Da anni infervora il dibattito sull’industria tessile e della moda, principale veicolo del made in Italy con un fatturato globale di circa 50 miliardi di euro: regge? Non regge? Quanto regge? Dal rapporto annuale di Smi emerge che il settore, a differenza dei segnali positivi registrati nel 2011, nell’ultimo anno non è stato risparmiato dalla crisi: fatturato -3,2% (51 miliardi, nel 2007 erano 56), consumo -9,8%, numero di aziende -3,5% (ne sono mancate quasi 10mila dal 2006) e impiegati totali in calo a 423mila unità (-5,3%).

Ma soprattutto, è un dato a destare preoccupazione: l’export, cavallo di battaglia dell’intero sistema economico italiano, in particolare delle eccellenze come il tessile, registra il segno “meno” dopo tre anni dall’ultima volta: -0,8%. Anche qui, il viceministro Calenda ha le idee chiarissime: “Le aziende che esportano lo fanno molto bene, ma sono ancora in poche a farlo”. Ecco dunque la comunicazione che fa scattare l’applauso della platea: il governo Letta ha raddoppiato il fondo per la promozione del settore, stanziando circa 10 milioni di euro, “che saranno investiti anche per andare a cercare direttamente sul territorio le aziende medio-piccole e farle diventare esportatrici”.

Piccoli passi, soprattutto in questo periodo di scarse risorse, e con una visione concreta, lontana dalla fuffa del made in Italy che tanto ce la fa sempre e comunque. “C’è per esempio il tema del libero scambio – spiega ancora Calenda all’associazione della filiera tessile -: dobbiamo prendere atto che è morto, perché Paesi come India e Brasile si sono chiusi e gli Usa fanno una politica a sé. Ma la via per uscirne c’è: un accordo bilaterale con gli Stati Uniti, che funga da modello per l’intero sistema, perché fidatevi che se si concordano degli standard con gli americani, il giorno dopo questi standard diventano punto di riferimento al quale si adeguano gli altri”.

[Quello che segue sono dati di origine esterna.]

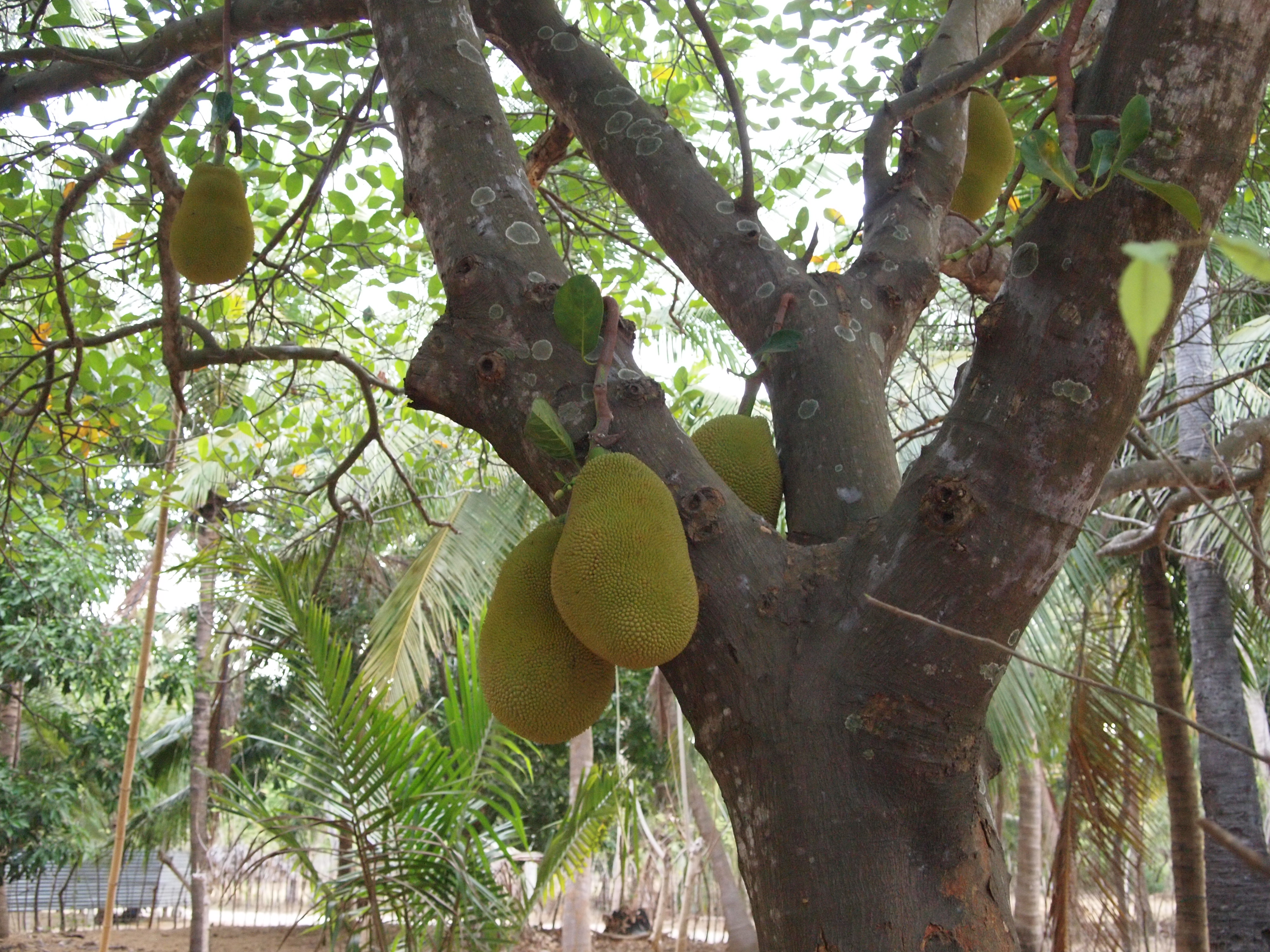 Jackfruits hanging in the branches

Altro che Datagate, dunque: “Non è proprio una buona idea entrare in conflitto con gli Usa adesso, proprio in questo momento di difficoltà per il tessile, che poi è l’ambito nel quale gli statunitensi applicano più barriere tariffarie (già da qualche tempo l’Italia è soltanto l’11esimo Paese dal quale gli States importano tessile&moda, con una quota inferiore al 2%, ndr). Anche perché loro, a differenza di noi europei, stanno già scommettendo sulla controtendenza dell’esportazione di manifattura (delocalizzazione della produzione, ndr): i flussi manifatturieri nel mondo stanno per la prima volta declinando e questo accade perché si è fortemente ridotto il rapporto del costo del lavoro per esempio tra Italia e Cina, che qualche anno fa era di 1 a 33”.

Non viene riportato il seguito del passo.